RunAnywhere shipped RCLI this week — an open-source voice AI tool for Mac that handles speech recognition, LLM inference, and text-to-speech entirely on-device. No API keys, no cloud connectivity. The Y Combinator W26 startup says end-to-end latency comes in under 200ms, and the tool ships with support for 38 macOS voice actions ranging from Spotify playback controls to triggering system screenshots.
The core of the project is MetalRT, a proprietary C++ GPU inference engine RunAnywhere built specifically for Apple Silicon's Metal architecture. On M3 chips and newer, the company claims MetalRT sustains 550 tokens per second during LLM inference and transcribes 70 seconds of audio in 101ms using a 4-bit Whisper Tiny model — a ratio they describe as 714x faster than real-time. In their own benchmarks on an M4 Max, MetalRT reportedly outpaces llama.cpp by 1.67x and Apple's MLX framework by 1.19x on decode speed. M1 and M2 machines fall back to llama.cpp; full MetalRT acceleration is reserved for the M3 generation and up. These numbers come from RunAnywhere's internal testing and haven't been independently verified.
The underlying pipeline, which RunAnywhere calls FastVoice, uses a multi-threaded C++ architecture with lock-free ring buffers, a 64MB pre-allocated memory pool, KV cache quantization, and async LLM-TTS pipelining. The company says first-audio latency — the time from end of speech to first audio output — sits at 63ms. RCLI also includes local RAG over documents, with hybrid retrieval clocking in at roughly 4ms, and supports more than 20 models.

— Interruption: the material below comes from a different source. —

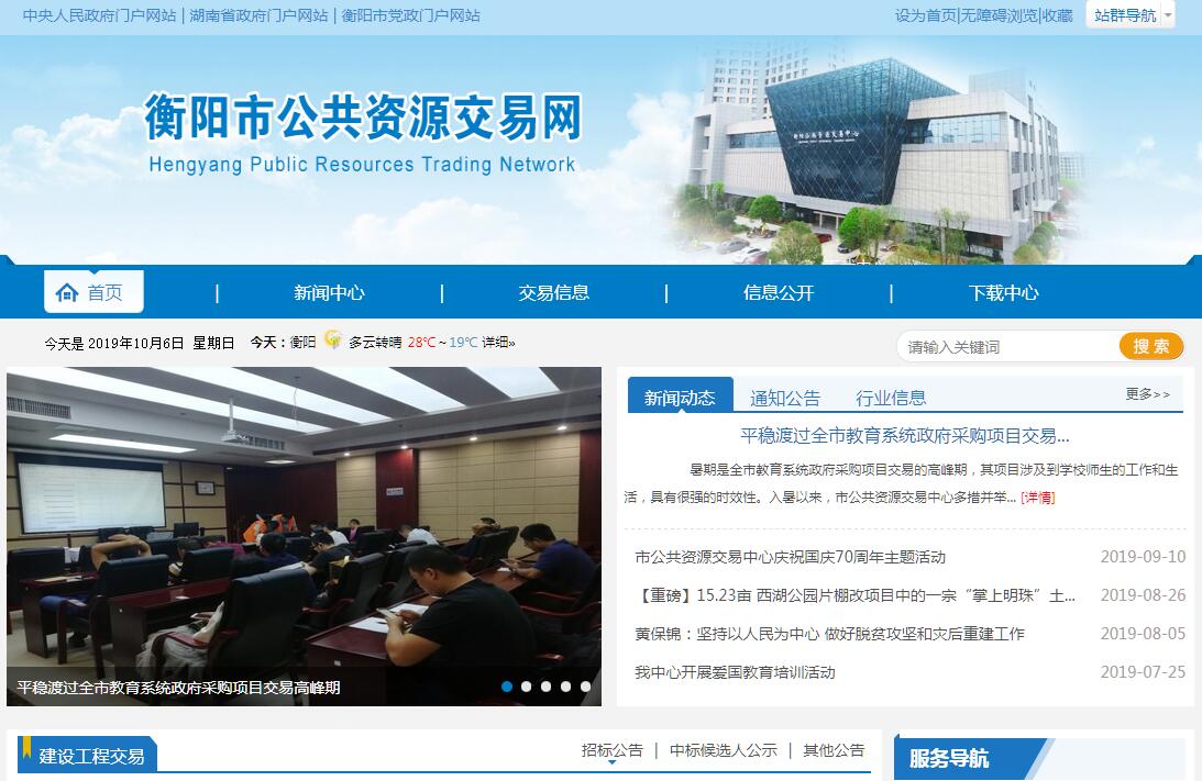 根据国、省深入推进公共资源交易体制机制改革、建立现代市场交易体系要求,经市委、市政府批准同意,整合全市分散设立的公共资源交易平台及场所资源,组建衡阳市公共资源交易中心。交易中心成立于2015年5月,是市人民政府直属正处级公益一类事业单位,内设办公室、组织人事科、财务科、技术信息科、建设工程交易科、政府采购交易科、国土资源交易科、国有产权交易科、法律事务科等9个科室,人员编制53人。交易中心位于衡阳市蒸德大厦,场地总面积1.6万余平米,其中办公区设蒸德大厦主楼15—16楼,面积2000余平方米;交易区设蒸德大厦裙楼1—4层,面积1.4万平方米,内设公共服务区、开标区、评标区、拍卖大厅、电子竞价室、谈判询价室、专家过夜评标休息区、监控区及其他配套功能区,配备了综合信息发布系统、电子监控系统、同步传声系统和多媒体展示系统,评审专家抽取系统、保证金收退系统等8大网络子系统正在加快建设中,可实现远程异地评标、大数据分析等全程网上运行,软硬件设施配备达到全省一流水平,完全满足全市各级各类项目交易活动需求。交易中心是全市统一的公共资源交易平台,负责组织市域范围内的工程建设项目招投标、土地使用权和矿业权出让、国有产权交易、政府采购、医疗器械耗材采购和其他公共资源交易活动,主要职责是:负责市公共资源交易平台及信息网络系统建设、运行管理;为进入市公共资源交易平台的各类公共资源交易活动提供场所、设施和服务;拟订公共资源进场交易的交易流程、操作规程和现场管理制度,参与制定、修订全市公共资源交易监督管理办法和公共资源进场交易目录;组织平台内交易活动,负责查验进场交易项目相关手续及参与交易活动的各方主体资格;负责收集、存储和发布各类公共资源交易信息,为市场主体提供信息咨询服务;为行业监管、行政监察提供平台服务,协助配合行政监督部门、纪检监察机关的执法工作;负责对参与平台内交易活动的相关人员、机构的活动情况进行评估;负责记录、留存违反交易现场管理制度行为的证据资料,及时报告交易活动中的违法违规行为,并协助调查;承担评标专家抽取有关工作;负责对纳入集中采购目录的政府采购项目实施代理采购。衡阳市公共资源交易中心将秉承“创新、务实、为民、清廉”的宗旨,以一流的管理、一流的队伍、一流的服务,着力打造规则统一、公开透明、服务高效、监督规范的公共资源交易平台。热烈欢迎广大交易主体前来中心交易,我们将竭诚提供服务,虚心接受监督,不断提升服务管理水平,为建设“五个新衡阳”,推进全市经济社会发展作出积极贡献。

RunAnywhere has been publishing technical write-ups on the architecture decisions behind MetalRT, suggesting the engine is aimed at developers building voice or agentic applications on Apple hardware rather than just end users.
The longer play is an on-device AI SDK targeting iOS, Android, and edge devices, with Swift, Kotlin Multiplatform, React Native, and Flutter bindings on the roadmap. RCLI is the first public demonstration of that stack. It's available now through Homebrew or a one-line curl install.